In a blog post on Thursday, Denver Gingerich, SFC FOSS license compliance engineer, and Bradley M. Kuhn, SFC policy fellow, said GitHub has over the past decade come to play a dominant role in FOSS development by building an interface and social features around Git, the widely used open source version control software.
In so doing, they claim, the company has convinced FOSS developers to contribute to the development of a proprietary service that exploits FOSS.
"We are ending all our own uses of GitHub, and announcing a long-term plan to assist FOSS projects to migrate away from GitHub," said Gingerich and Kuhn.
The SFC mostly uses self-hosted Git repositories, they say, but the organization did use GitHub to mirror its repos.
The SFC has added a Give Up on GitHub section to its website and is asking FOSS developers to voluntarily switch to a different code hosting service.
"While we will not mandate our existing member projects to move at this time, we will no longer accept new member projects that do not have a long-term plan to migrate away from GitHub," said Gingerich and Kuhn. "We will provide resources to support any of our member projects that choose to migrate, and help them however we can."
GitHub claims to have approximately 83 million users and more than 200 million repositories, many of which are under an open-source license. The cloud hosting service promotes itself specifically for open source development.

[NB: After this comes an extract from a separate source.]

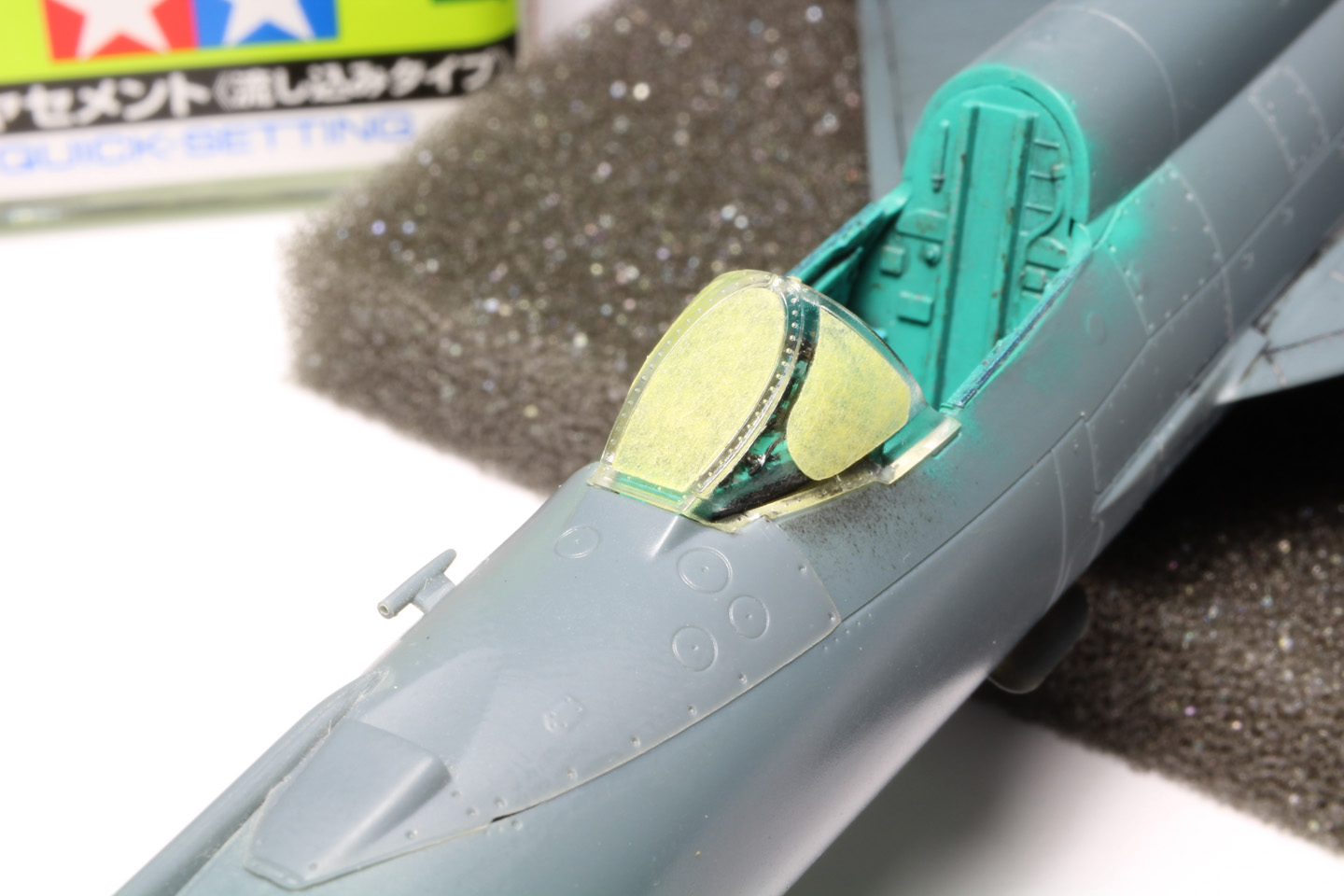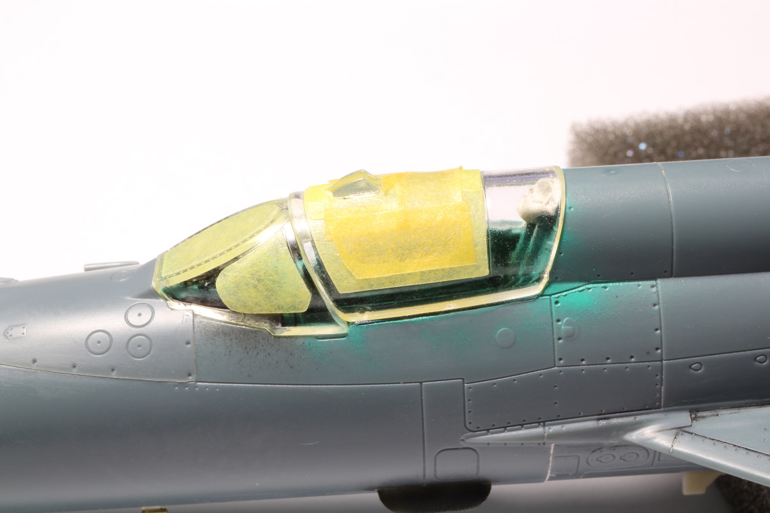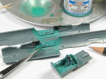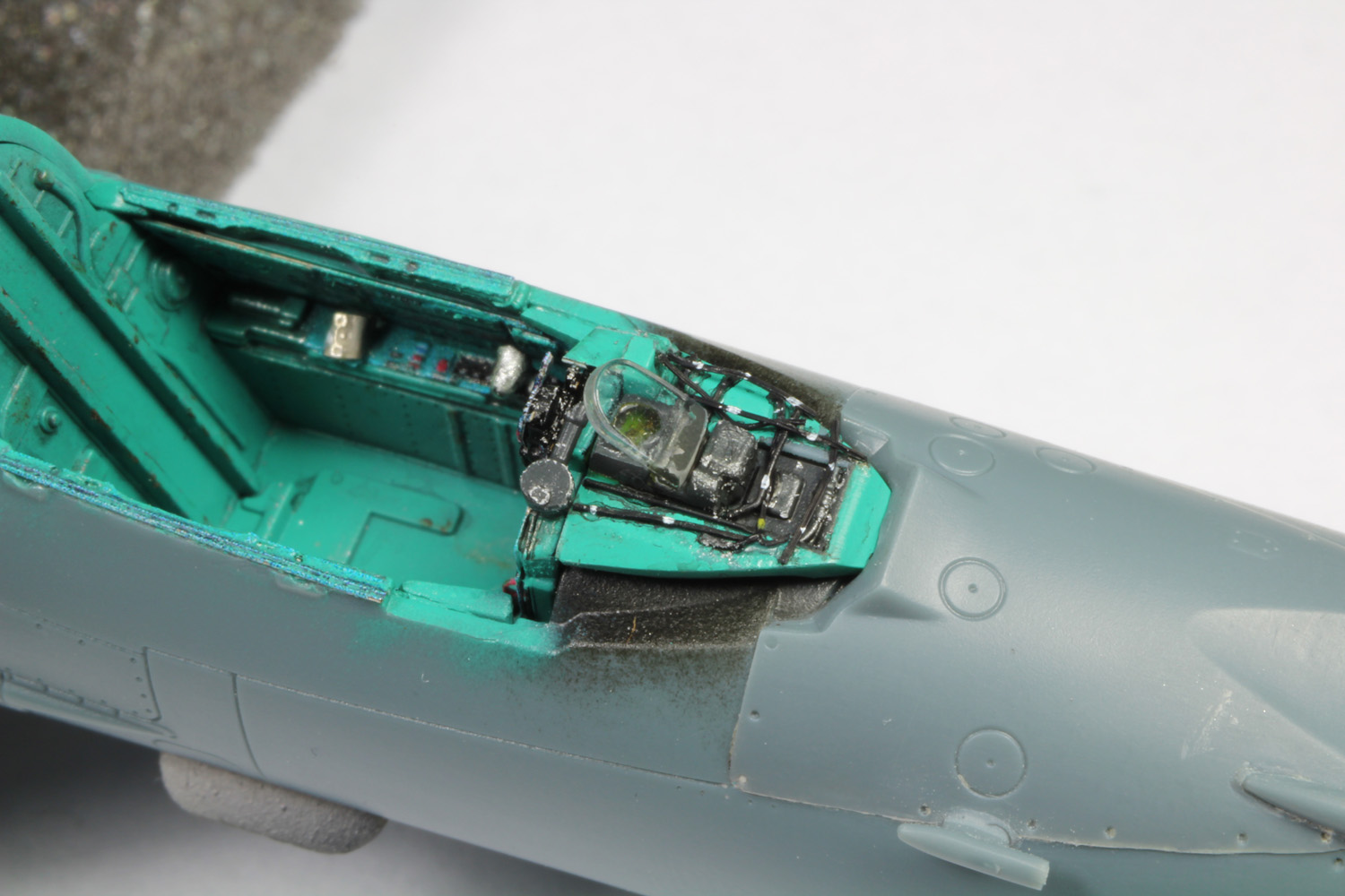 - Sans trop tarder la peinture du cockpit commence avec le vert intérieur russe (MRP-1), ensuite le noir sous la casquette

For the SFC, the break with GitHub was precipitated by the general availability of GitHub Copilot, an AI coding assistant tool. GitHub's decision to release a for-profit product derived from FOSS code, the SFC said, is "too much to bear."

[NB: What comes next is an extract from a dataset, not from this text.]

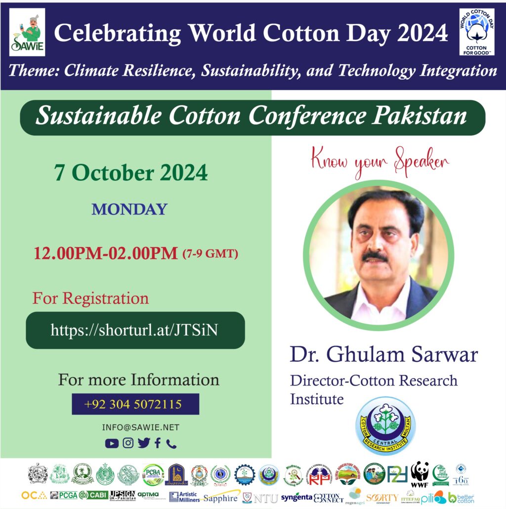 We are excited to announce that Dr. Ghulam Sarwar, Director of the Cotton Research Institute, Government of Punjab, will be joining us as a distinguished speaker at the Sustainable Cotton Conference Pakistan 2024.
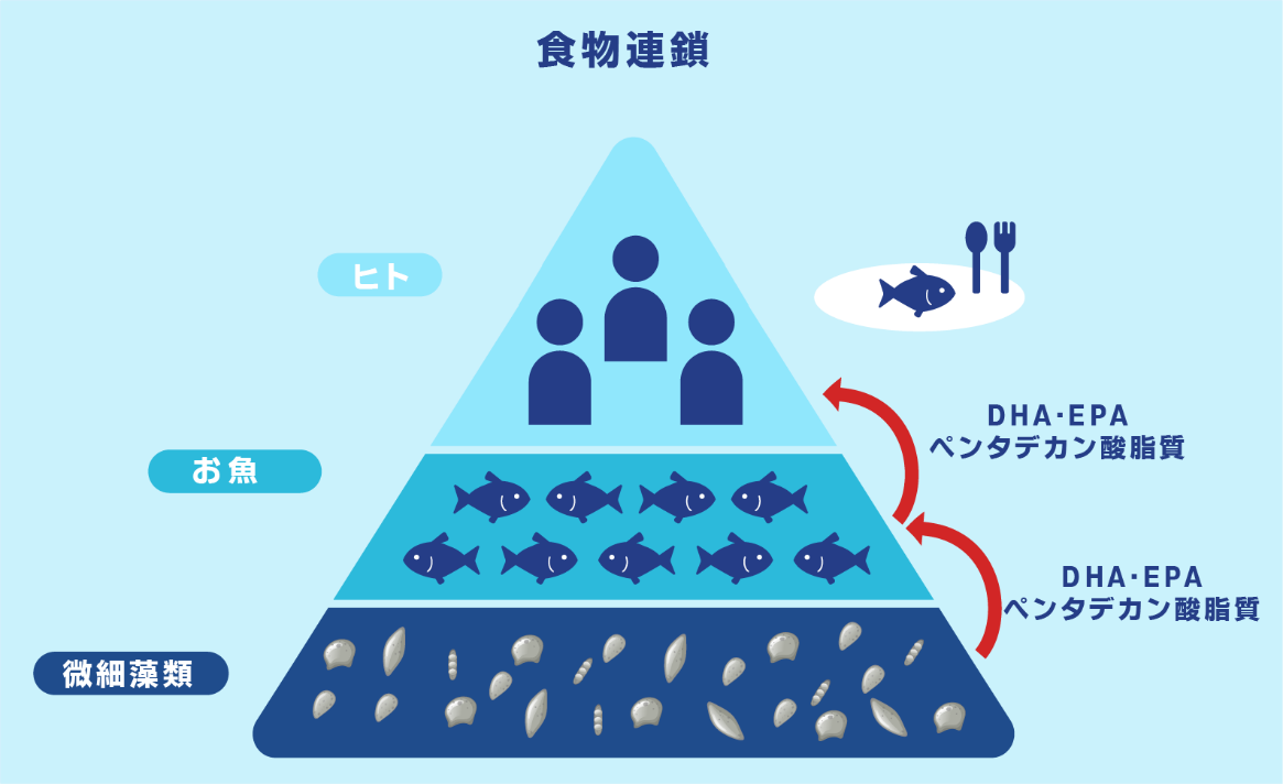 微細藻類は、DHA(ドコサヘキサエン酸)・EPA(エイコサペンタエン酸) など、身体の健康のための重要な脂質を作っていますが、実は、魚はDHA(ドコサヘキサエン酸)・EPA(エイコサペンタエン酸)を作っていないのです。

Copilot, based on OpenAI's Codex, suggests code and functions to developers as they're working. It's able to do so because it was trained "on natural language text and source code from publicly available sources, including code in public repositories on GitHub," according to GitHub.

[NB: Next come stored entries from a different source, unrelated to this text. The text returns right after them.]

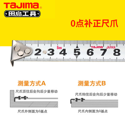双色双面尺带,两面均可测量;0点补正尺爪设计,移动尺爪可以修正测量值;锁定按钮设计,手感光滑舒适。
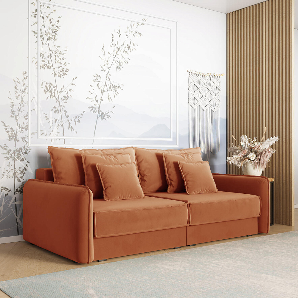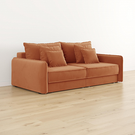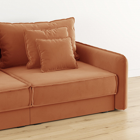 - Два вида подушек. В комплектацию дивана входят приспинные и декоративные подушки, которые позволяют скорректировать глубину посадки.
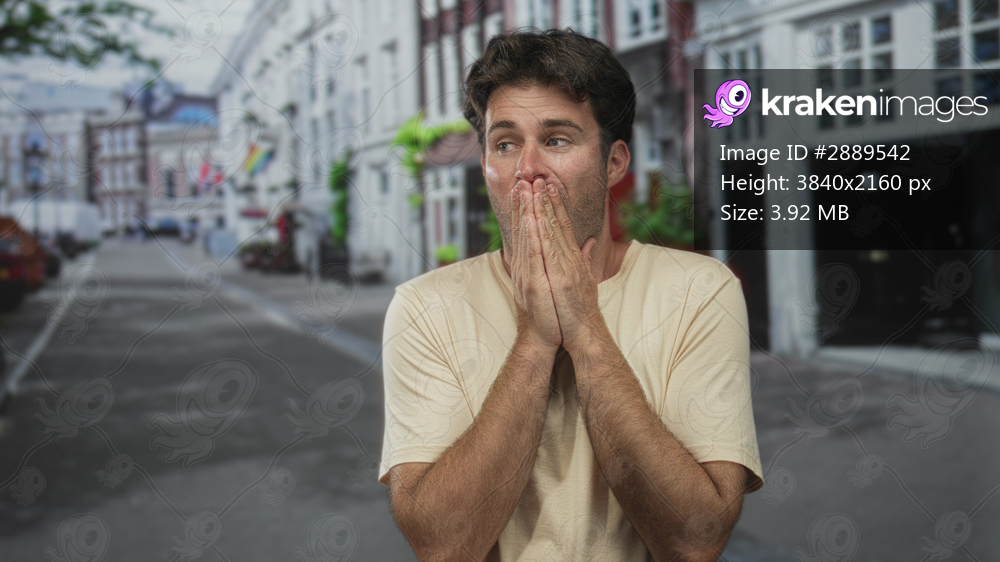 Young hispanic man with hands covering mouth and tense expression standing on a city street lined with buildings and parked cars; surprise.
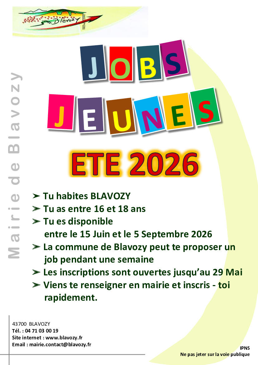La commune propose un job pendant une semaine aux jeunes de Blavozy qui ont entre 16 et 18 ans.

Gingerich and Kuhn see that as a problem because Microsoft and GitHub have failed to provide answers about the copyright ramifications of training its AI system on public code, about why Copilot was trained on FOSS code but not copyrighted Windows code, and whether the company can specify all the software licenses and copyright holders attached to code used in the training data set.
Kuhn has written previously about his concerns that Copilot's training may present legal risks and others have raised similar concerns. Last week, Matthew Butterick, a designer, programmer, and attorney, published a blog post stating that he agrees with those who argue that Copilot is an engine for violating open-source licenses.
"Copilot completely severs the connection between its inputs (= code under various open-source licenses) and its outputs (= code algorithmically produced by Copilot)," he wrote. "Thus, after 20+ years, Microsoft has finally produced the very thing it falsely accused open source of being: a black hole of IP rights."
Such claims have not been settled and likely won't be until there's actual litigation and judgment. Other lawyers note that GitHub's Terms of Service give it the right to use hosted code to improve the service. And certainly legal experts at Microsoft and GitHub believe they're off the hook for license compliance, which they pass on to those using Copilot to generate code.
"You are responsible for ensuring the security and quality of your code," the Copilot documentation explains. "We recommend you take the same precautions when using code generated by GitHub Copilot that you would when using any code you didn't write yourself. These precautions include rigorous testing, IP scanning, and tracking for security vulnerabilities."
Gingerich and Kuhn argue that GitHub's behavior with Copilot and in other areas is worse than its peers.
"We don't believe Amazon, Atlassian, GitLab, or any other for-profit hoster are perfect actors," they said. "However, a relative comparison of GitHub's behavior to those of its peers shows that GitHub's behavior is much worse. GitHub also has a record of ignoring, dismissing and/or belittling community complaints on so many issues, that we must urge all FOSS developers to leave GitHub as soon as they can."
Microsoft and GitHub did not immediately respond to a request for comment.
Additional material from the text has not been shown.